> **Task to complete**
Which lines in the records below mention the word "یافته"? Copy each one out.

[Source data]
+ + + + + + +
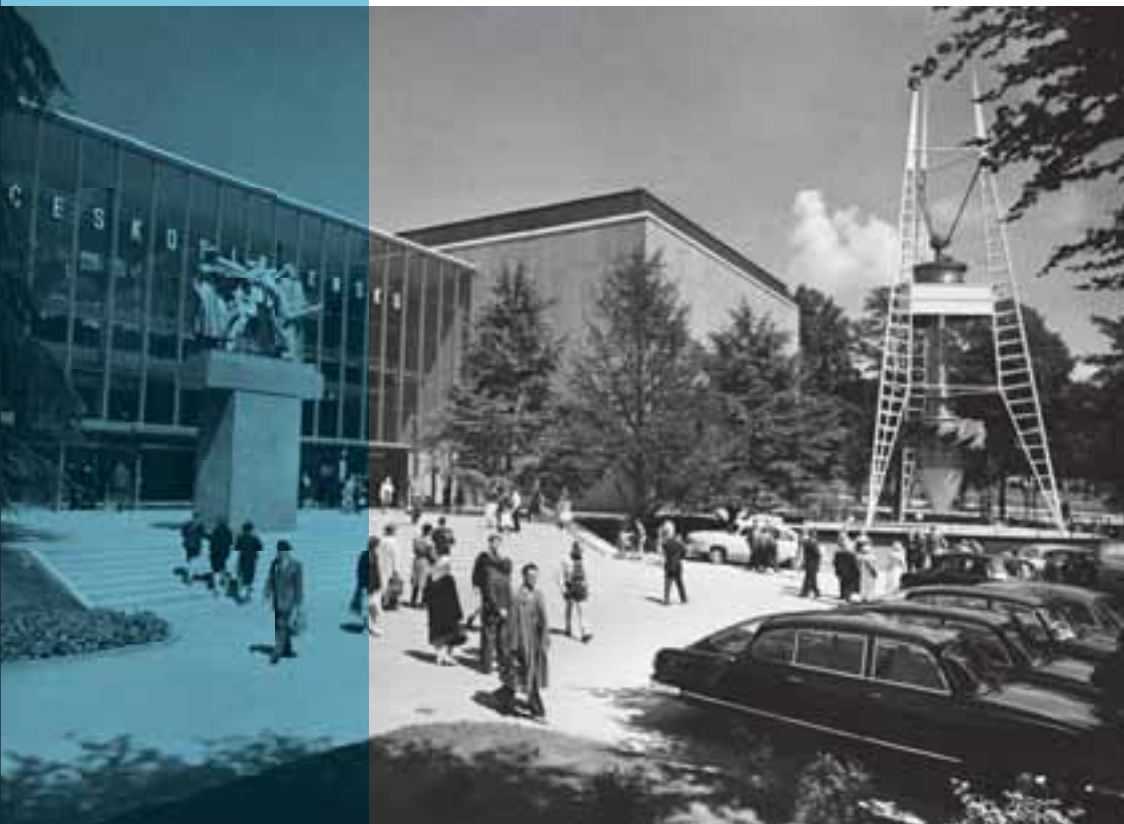
Průčelí československého pavilonu s pojízdnými exponáty – vozy Tatra 603 – v popředí
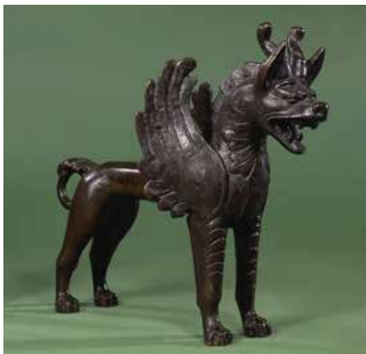
تصویر ۲۱: کوشان، پارتیان، قرن اول تا دوم میلادی یافته شده در افغانستان رود هیرمند اندازه ۲۴٫۹ سانتی متر ارتفاع ۳۲ سانتی متر طول ۱۲٫۵ سانتی متر ضخامت موزه بریتانیا.

نقش برجسته، شامل دو موجود فوق العاده با بدن گربه سانان، گوش های بلند، بال و یال پَرمانند است که ترکیبی از حیوان و عناصر پرنده است و نمونه ای از شیرهای گریفین خاور نزدیک هستند. تقارن مطلق ترکیب بندی، ساده سازی فرم های گیاهی و موتیف شیر گریفین از ویژگی های هنر خاور نزدیک است. این نقش در بسیاری از اشیای یافته شده متعلق به دوره اشکانیان دیده شده است (تصویر ۲۰).
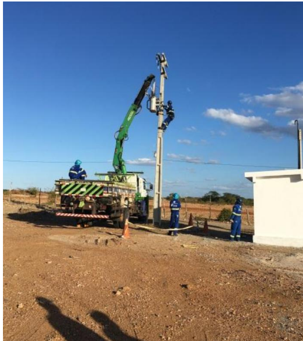
Figura 6 - Momento da instalação da rede elétrica para atendimento ao quadro de comando da captação flutuante (380V).
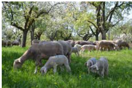
Den Schafen des Freilichtmuseums Beuren geht es an den Schäfertagen am 20. und 21. April an die Wolle.

Seit Jahrhunderten prägt die Schafhaltung die Kulturlandschaft auf der Schwäbischen Alb. Die Schäfertage im Freilichtmuseum Beuren rücken am kommenden Wochenende, 20. und 21. April, die wolligen Alleskönner in den Mittelpunkt. Bei den 23. Schäfertagen am Fuß der Schwäbischen Alb sind zudem besondere Schafassen zu Gast.
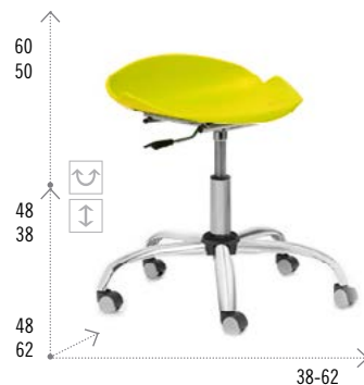
Modelo MILO NEUMÁTICO
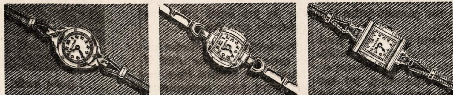
GODDESS of TIME 17 Jewels ... $37.50
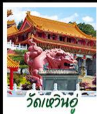
วัดเหวินอู่
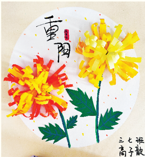
小记者:高子歆 三(7)班 (辅导老师:刘瑞瑞)
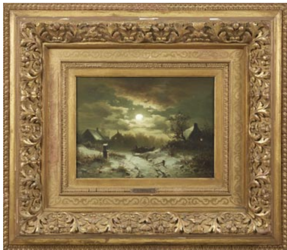
113 ADOLF CHWALA (Prague 1836 - Vienne 1900) Paysage enneigé Huile sur panneau Hauteur : 22 cm ; Largeur : 30 cm Signés en bas à droite et en bas à gauche "AChwala" 2 200 / 2 400 €
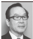
補助金小委員会 委員長

私も資金管理小委員長を3年間させて頂いて、皆様との素晴らしい出会いと地区ロータリー財団の勉強が出来ましたことに感謝申し上げます。有難う御座いました。
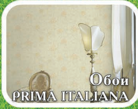
Обои PRIMA ITALIANA
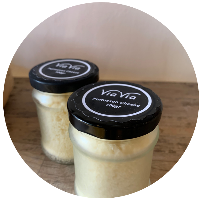
Parmesan Cheese 45,000/100gr
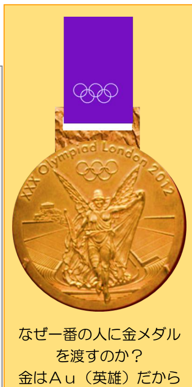
なぜ一番の人に金メダル を渡すのか？ 金はAu（英雄）だから
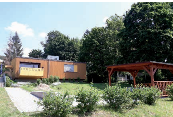
Domov se zvláštním režimem - Opavská 2632, Šternberk
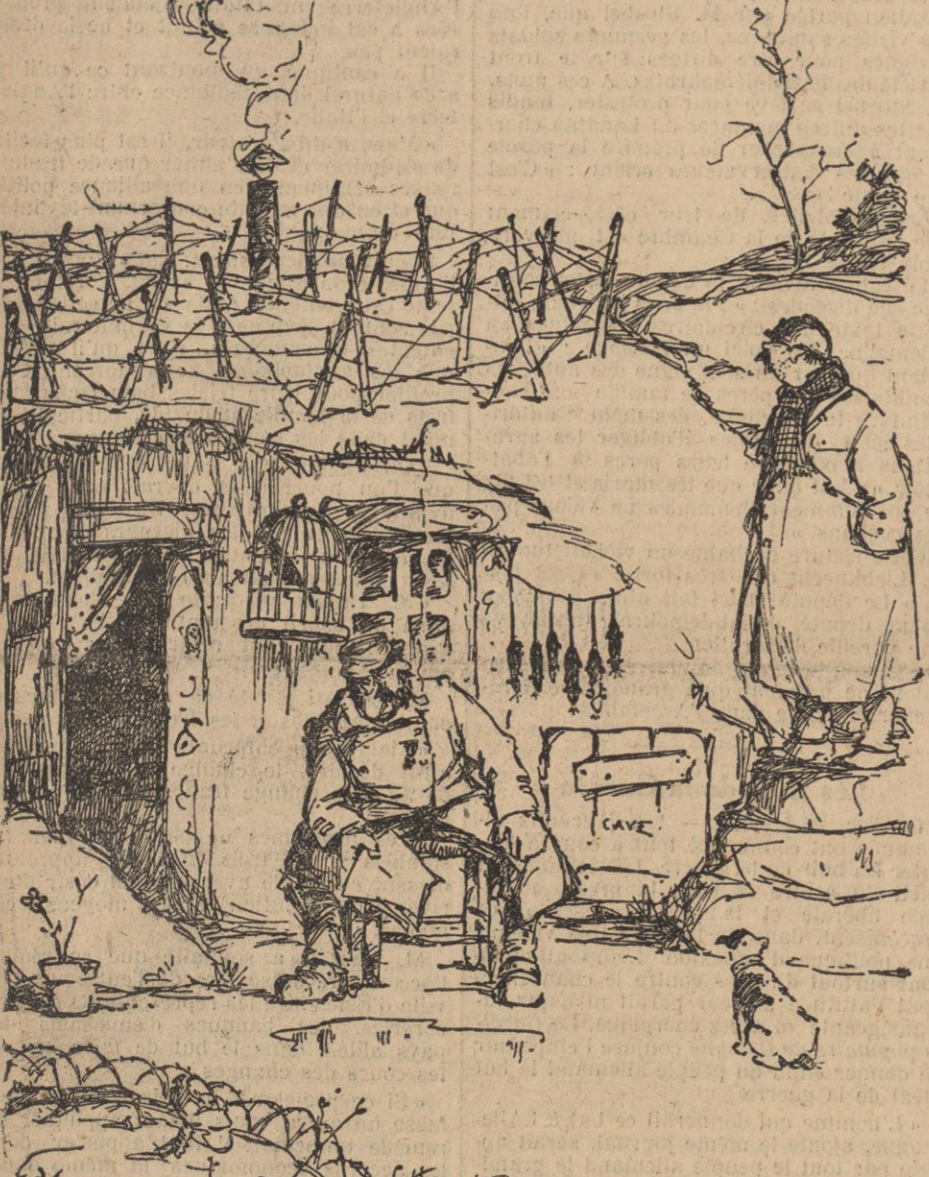
Des fils barbelés sur la cagnia! T'es donc pour des Boches? Non, mais c'est rapport aux copains qui voudraient me barboter ma cheminée!
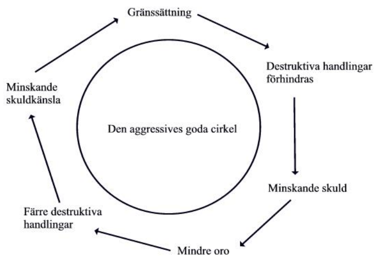
Figur 2 (Nilsson & Nilsson 1997:16)

För att vända de negativa cirkelarna till positiva kan man göra på följande sätt:
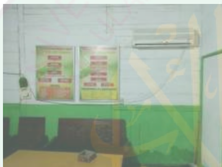
Kantin Pondok Pesantren Al-Jamhar
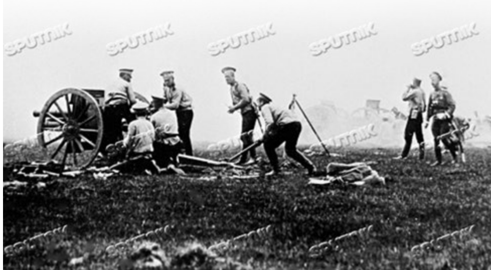
Русские артиллеристы заряжают пушку во время боя с германскими войсками. Первая мировая война

Дополнительной уверенности Милюкову придал состоявшийся в конце марта VII съезд Конституционно-демократической (кадетской) партии. Съезд провозгласил Временное правительство «единственной исполнительной и законодательной властью страны», отведя Советам роль совещательного органа. Кадеты дружно высказались за продолжение войны до победы, завершить которую без приобретений не хотели. Настроение съезда выразил Федор Родичев, прямо заявивший: «Нам нужны проливы».
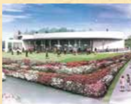
文化スポーツ記念館
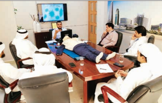
جانب من دورة الإسعافات الأولية في شركة «إنماء العقارية».

على نشر الوعي والتثقيف الصحي لمختلف شرائح المجتمع الكويتي من خلال طواقمها التدريبية على تنفيذ دورات الإسعافات الأولية، كما تمتد أنشطة الجمعية بخدماها الصحية والغرفية من نوعية في مختلف المجالات الصحية والثقافية والاجتماعية.
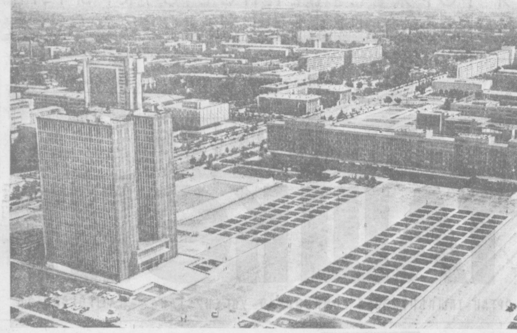
ТАШКЕНТ СЕГОДНЯ. Вид на центр города.

ТАШКЕНТ, снискавший себе славу города братства и интернациональной дружбы, за десятилетие стал поистине неузнаваемым, превратился в один из красивейших и благоустроенных городов страны. Оглядываясь вокруг его улицы и про-
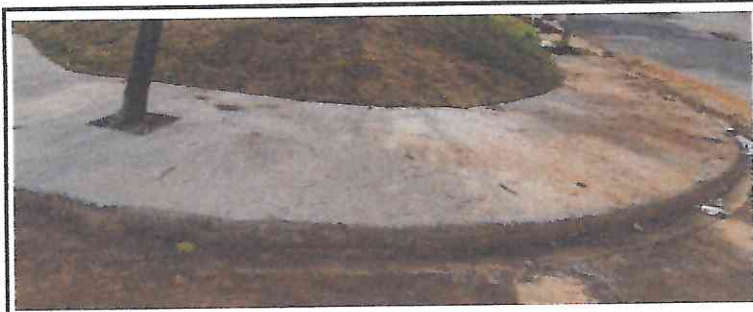
94273 - ASSENTAMENTO DE GUIA (MEIO-FIO) EM TRECHO RETO, CONFECCIONADA EM CONCRETO PRÉ-FABRICADO
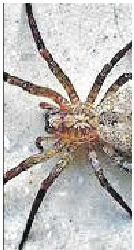
Die Nosferatu-Spinne ist in Deutschland angekommen.

Sie kann spürbar zubeißen, tut das aber nur sehr selten bei direkter Bedrohung. Als nächtliche Jägerin hält sie im Haus den Bestand an Fliegen und anderen Insekten klein.
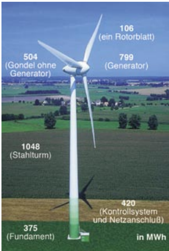
Abb. 5: Eine 1500 kW-Windenergieanlage energetisch gesehen: Die Zahlen geben die kumulierten Primärenergieaufwendungen (in MWh) zum Bau der Anlage – unterteilt nach Baugruppen - an. Insgesamt werden für diese Windenergieanlage 3464 MWh Primärenergie benötigt, das ist genau so viel wie an Energie in rund 120 m 3 Rohöl steckt – also über 17 große Tankwagen voll.

nenland in 65 Metern Höhe montiert (Nabenhöhe). Die größere Anlage hat dagegen eine Nabenhöhe von 67 Metern. Die Energieaufwendungen variieren, weil je nach Standort verschiedene Türme und Fundamente zum Einsatz kommen, weshalb z. B. unterschiedliche Transporte ablaufen. Ebenso sind die durchschnittlichen Windgeschwindigkeiten an den verschiedenen Orten verschieden: Sie liegen zwischen knapp sechs Metern pro Sekunde und 7,3 Metern pro Sekunde. Dieser Unterschied klingt zwar gering, aber macht 80 Prozent mehr Stromerzeugung aus: Wenn sich die Windgeschwindigkeit verdoppelt, verachtfacht sich die erzeugte Menge Strom. Die Windgeschwindigkeit ist damit eine der wesentlichen Einflussgrößen in der Energiebilanz.
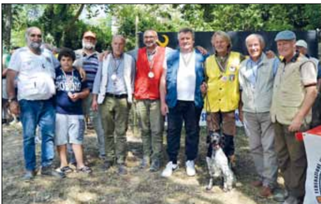
Bronzo per la Lombardia nei Continentali esteri.
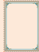
หัวหน้าฝ่ายสงเคราะห์และฟื้นฟูผู้ประสบภัย
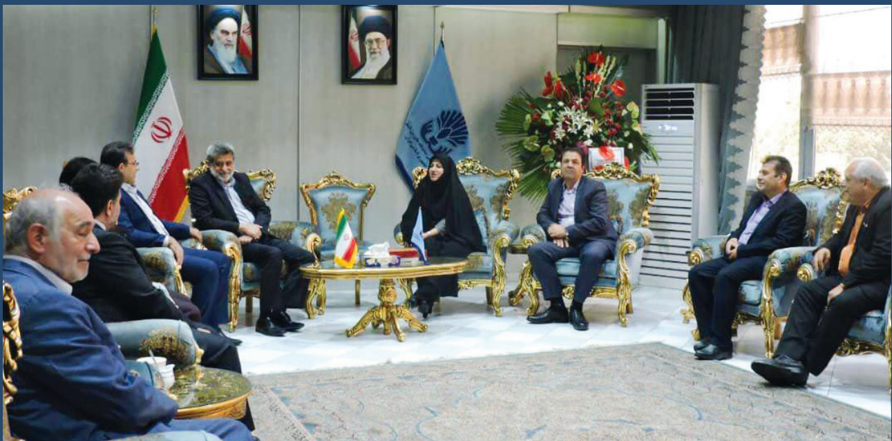
حضور سرکار خانم دست پاك رييس مركزملى فرش ايران در بازديد هيئت رئيسته اتاق اصناف ايران و رئيس اتحاديه صنف فرش دستباف مشهد از نمايشگاه فرش تهران
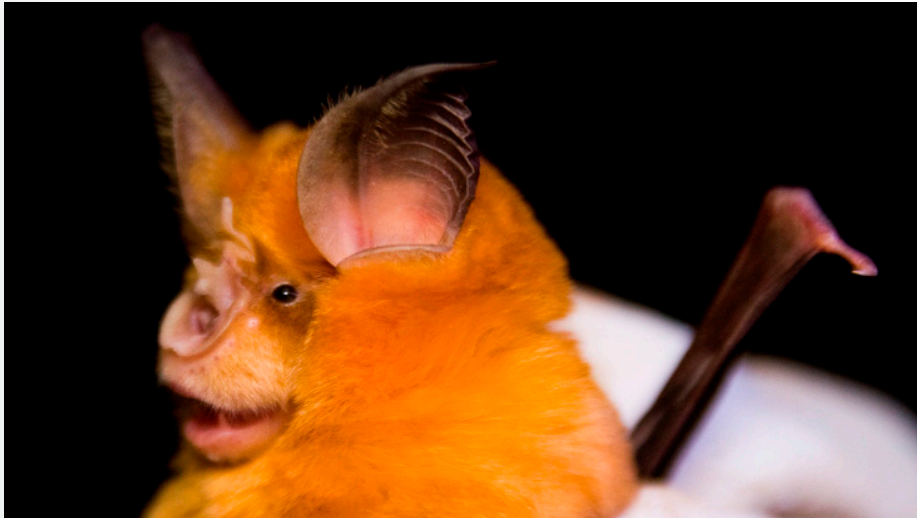
Murciélago mediano de herradura ( Rhinolophus mehelyi ).
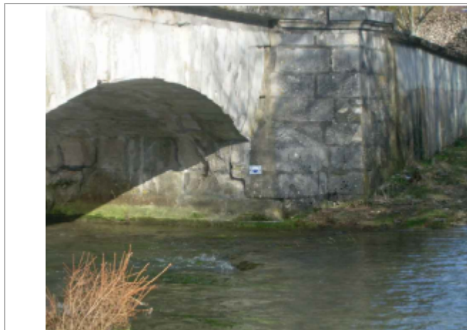
repere de crue au centre de la photo
+ + + + + + +
> **Response to the exercise**
تصویر ۲۱: کوشان، پارتیان، قرن اول تا دوم میلادی یافته شده در افغانستان رود هیرمند اندازه ۲۴٫۹ سانتی متر ارتفاع ۳۲ سانتی متر طول ۱۲٫۵ سانتی متر ضخامت موزه بریتانیا.
نقش برجسته، شامل دو موجود فوق العاده با بدن گربه سانان، گوش های بلند، بال و یال پَرمانند است که ترکیبی از حیوان و عناصر پرنده است و نمونه ای از شیرهای گریفین خاور نزدیک هستند. تقارن مطلق ترکیب بندی، ساده سازی فرم های گیاهی و موتیف شیر گریفین از ویژگی های هنر خاور نزدیک است. این نقش در بسیاری از اشیای یافته شده متعلق به دوره اشکانیان دیده شده است (تصویر ۲۰).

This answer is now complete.